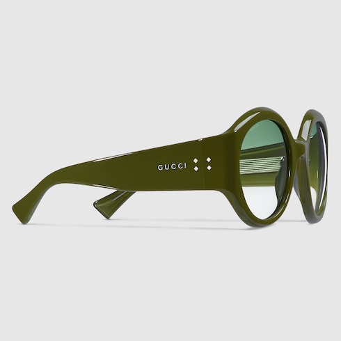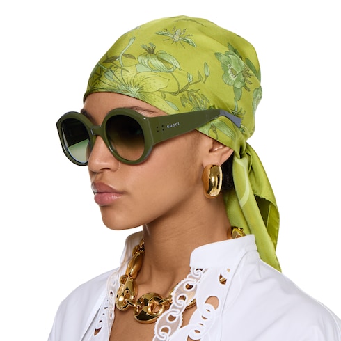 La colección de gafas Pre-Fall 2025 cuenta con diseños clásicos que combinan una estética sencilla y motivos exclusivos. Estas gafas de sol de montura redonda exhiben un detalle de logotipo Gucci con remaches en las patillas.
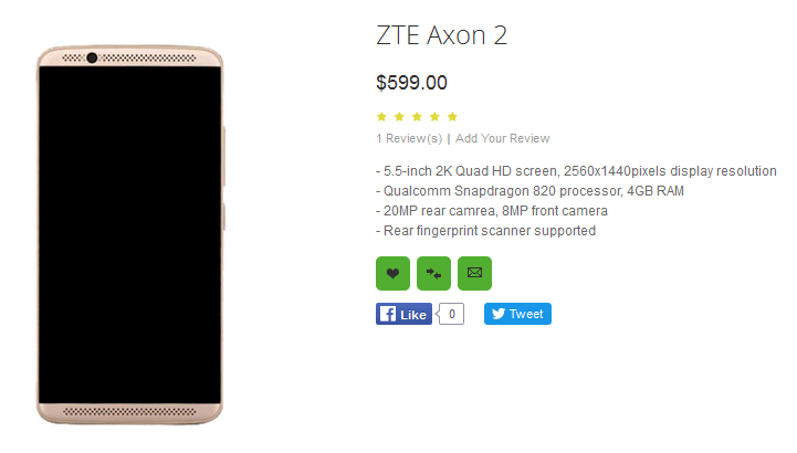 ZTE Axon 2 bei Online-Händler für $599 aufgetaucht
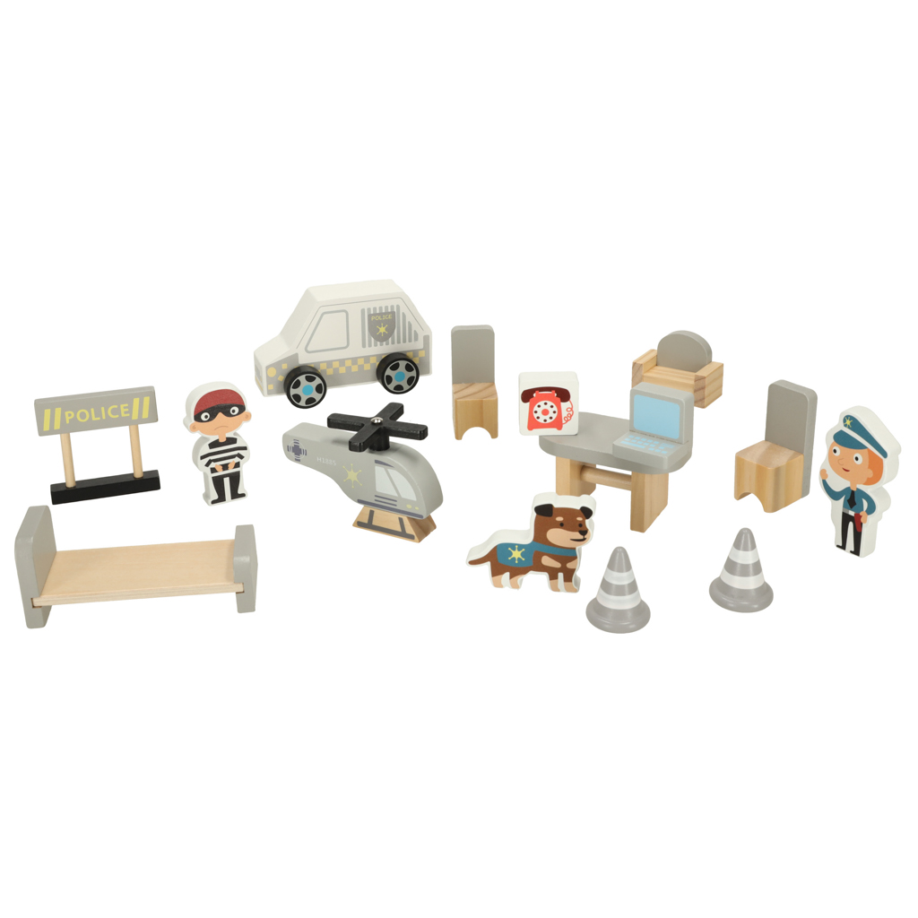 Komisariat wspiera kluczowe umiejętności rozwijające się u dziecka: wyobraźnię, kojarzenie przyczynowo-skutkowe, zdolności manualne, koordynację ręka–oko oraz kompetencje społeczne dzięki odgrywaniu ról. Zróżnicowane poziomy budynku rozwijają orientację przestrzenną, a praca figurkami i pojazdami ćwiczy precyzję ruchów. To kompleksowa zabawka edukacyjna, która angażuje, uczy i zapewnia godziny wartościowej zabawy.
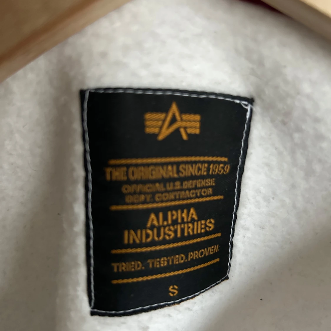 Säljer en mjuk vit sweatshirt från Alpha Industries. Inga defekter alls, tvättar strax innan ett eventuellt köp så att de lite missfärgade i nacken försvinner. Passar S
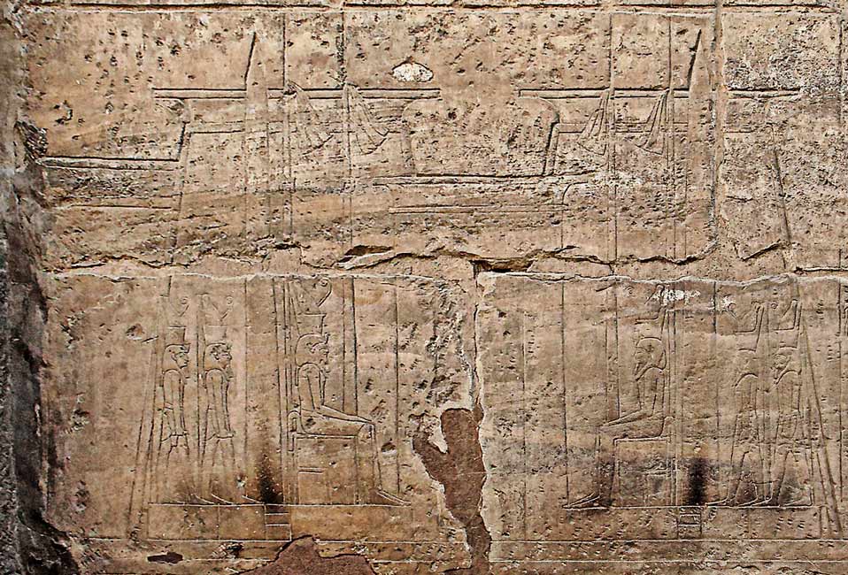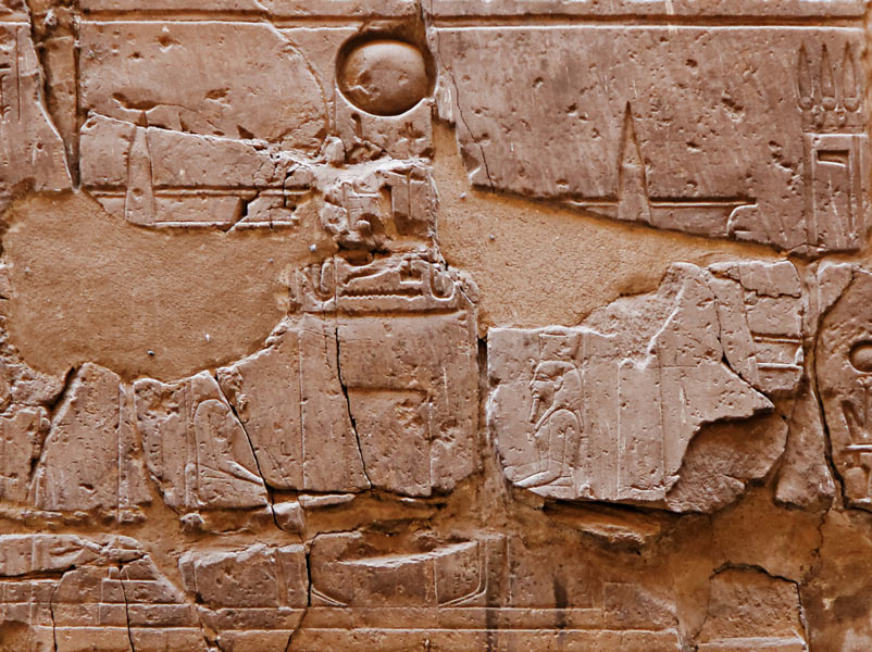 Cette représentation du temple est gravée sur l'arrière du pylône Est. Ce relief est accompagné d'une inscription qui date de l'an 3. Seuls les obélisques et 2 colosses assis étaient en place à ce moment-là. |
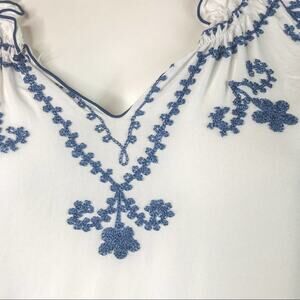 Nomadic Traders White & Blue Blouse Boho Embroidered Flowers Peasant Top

- _Task statement_
The copy you produce must repeat all the entries exactly and contain no pictures.

- _Solution to this exercise_
 La colección de gafas Pre-Fall 2025 cuenta con diseños clásicos que combinan una estética sencilla y motivos exclusivos. Estas gafas de sol de montura redonda exhiben un detalle de logotipo Gucci con remaches en las patillas.
 ZTE Axon 2 bei Online-Händler für $599 aufgetaucht
 Komisariat wspiera kluczowe umiejętności rozwijające się u dziecka: wyobraźnię, kojarzenie przyczynowo-skutkowe, zdolności manualne, koordynację ręka–oko oraz kompetencje społeczne dzięki odgrywaniu ról. Zróżnicowane poziomy budynku rozwijają orientację przestrzenną, a praca figurkami i pojazdami ćwiczy precyzję ruchów. To kompleksowa zabawka edukacyjna, która angażuje, uczy i zapewnia godziny wartościowej zabawy.
 Säljer en mjuk vit sweatshirt från Alpha Industries. Inga defekter alls, tvättar strax innan ett eventuellt köp så att de lite missfärgade i nacken försvinner. Passar S
 Cette représentation du temple est gravée sur l'arrière du pylône Est. Ce relief est accompagné d'une inscription qui date de l'an 3. Seuls les obélisques et 2 colosses assis étaient en place à ce moment-là. |
 Nomadic Traders White & Blue Blouse Boho Embroidered Flowers Peasant Top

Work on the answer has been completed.